ViT-Base consistently surpasses CNN backbones in both accuracy and F1 across datasets. The distilled MobileNetV2 student, using the full AgriKD objective, matches or exceeds teacher performance on Tomato (+1.25% F1) and Burmese Grape (+1.30% F1), and closely approaches the teacher on Potato (-1.03% F1) while offering a 172 $\times$ compression in parameter count and $>$ 19 $\times$ inference acceleration.

Ablations confirm:

Logit-based KD: Principal single-component gain, especially as class granularity increases.
Relation-based KD: Critical for transferring high-level confusion structure absent in simple logit matching.
Projection losses: Necessary to align heterogeneous internal representations, but their contribution is auxiliary to prediction-level supervision.

Visual Interpretability

Grad-CAM analyses show the distilled student achieves more coherent, spatially localized activations than both baseline MobileNetV2 and ViT teachers, indicating effective transfer of both global and spatial disease cues.

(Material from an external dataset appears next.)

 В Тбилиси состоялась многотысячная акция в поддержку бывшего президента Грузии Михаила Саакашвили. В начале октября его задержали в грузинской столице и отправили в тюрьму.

Deployment and Cross-Format Validation

The distilled model is validated on ONNX, TFLite FP16, and TensorRT FP16 formats. Accuracy and F1 are stable across conversions (Δ $<$ 0.2% absolute), while latency drops below 2.2 ms on NVIDIA Jetson Orin Nano and model size falls under 1MB (TFLite), ensuring true real-time viability in edge settings.

Comparative Analysis

On the Potato dataset, AgriKD outperforms previous hybrid and CNN baselines in accuracy and matches or slightly trails larger, less efficient models in F1-score. The superior accuracy-efficiency trade-off is maintained vis-à-vis both recent CNN-Transformer hybrids and feature-engineered shallow classifiers.

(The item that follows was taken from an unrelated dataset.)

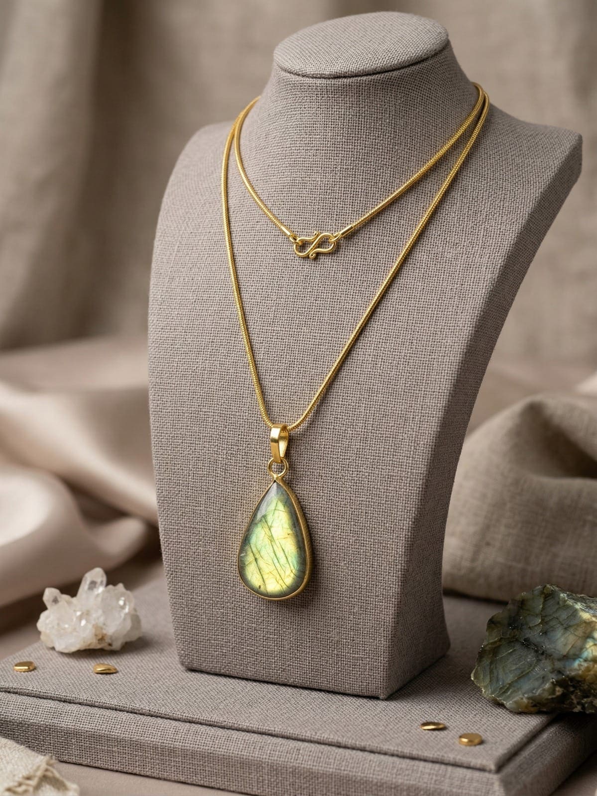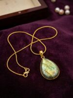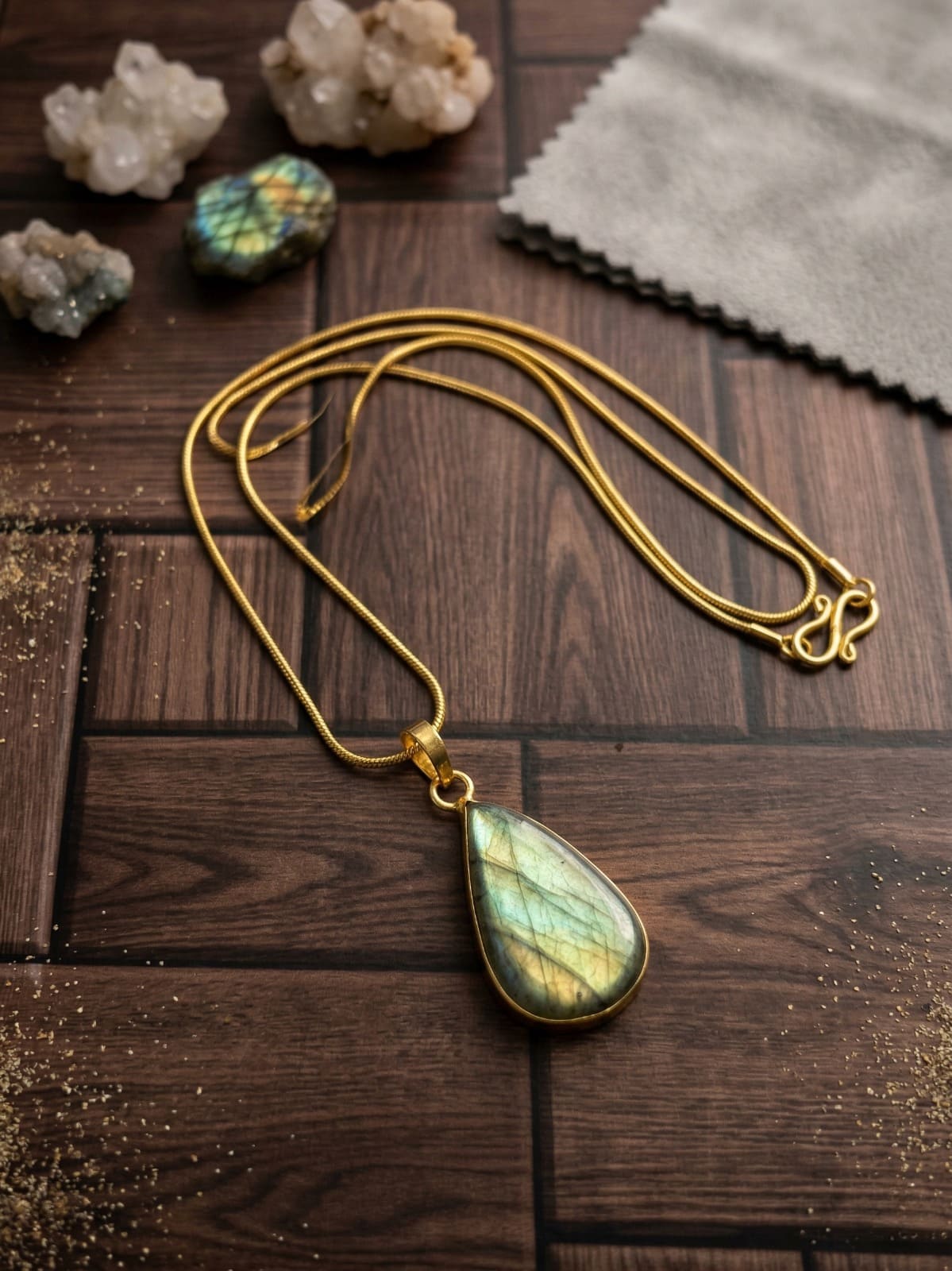 Apne style ko ek ethereal touch dein is stunning Aurora Labradorite Teardrop Necklace ke saath. Yeh pendant ek natural Labradorite stone se bana hai, jo apni mesmerizing “labradorescence” (shimmering colors) ke liye jaana jaata hai. Jab is par roshni padti hai, toh yeh peacock blue aur golden-green ke haseen shades reflect karta hai, jo har piece ko unique banata hai.

Implications and Future Developments

AgriKD advances practical, edge-deployable AI for agriculture by unifying global transformer representations with highly efficient CNN inference. The systematic use of multi-level distillation, especially the architectural alignment modules, suggests a generalizable framework across other cross-architecture KD settings, not only for agriculture but for broader vision tasks constrained by compute/resource limitations.

Practical implications include:

Real-world agricultural deployment: Consistent on-device inference at sub-10 ms latency with minimal resource footprint.
Generalizable methodology: The cross-architecture distillation protocol can be adapted for other visual application domains requiring deployment efficiency.
Framework extensibility: Future extensions could incorporate ViT [CLS] tokens, richer spatial token alignment strategies, or alternative student backbones.

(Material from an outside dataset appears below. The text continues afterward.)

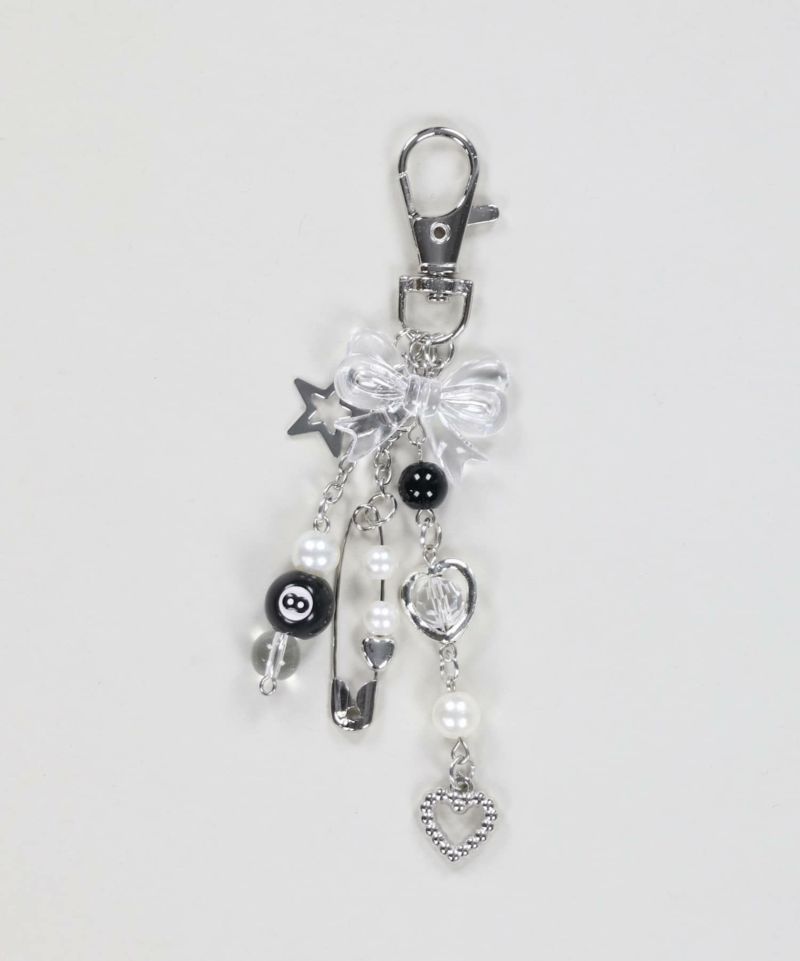 ビーズキーホルダー/リボン/安全ピン<メール便対応>

Theoretically, the results suggest that student CNNs can internalize global contextual reasoning characteristic of transformers if appropriately guided via multi-level distillation, challenging the dichotomy between convolutional locality and transformer globality. It also invites further exploration of distillation objectives that optimally preserve both fine-grained and holistic visual information.

Conclusion

AgriKD demonstrates that multi-component, cross-architecture knowledge distillation is highly effective for compressing ViT-grade performance into edge-efficient CNNs for fine-grained plant disease recognition. The distilled models offer strong accuracy--efficiency characteristics, robust interpretability, and seamless multi-platform deployment, narrowing the gap between state-of-the-art visual reasoning and practical, field-ready AI solutions. Future work will evaluate the transferability of this paradigm to other tasks, architectures, and real-world agricultural conditions, and further refine representation alignment at both the global and local levels.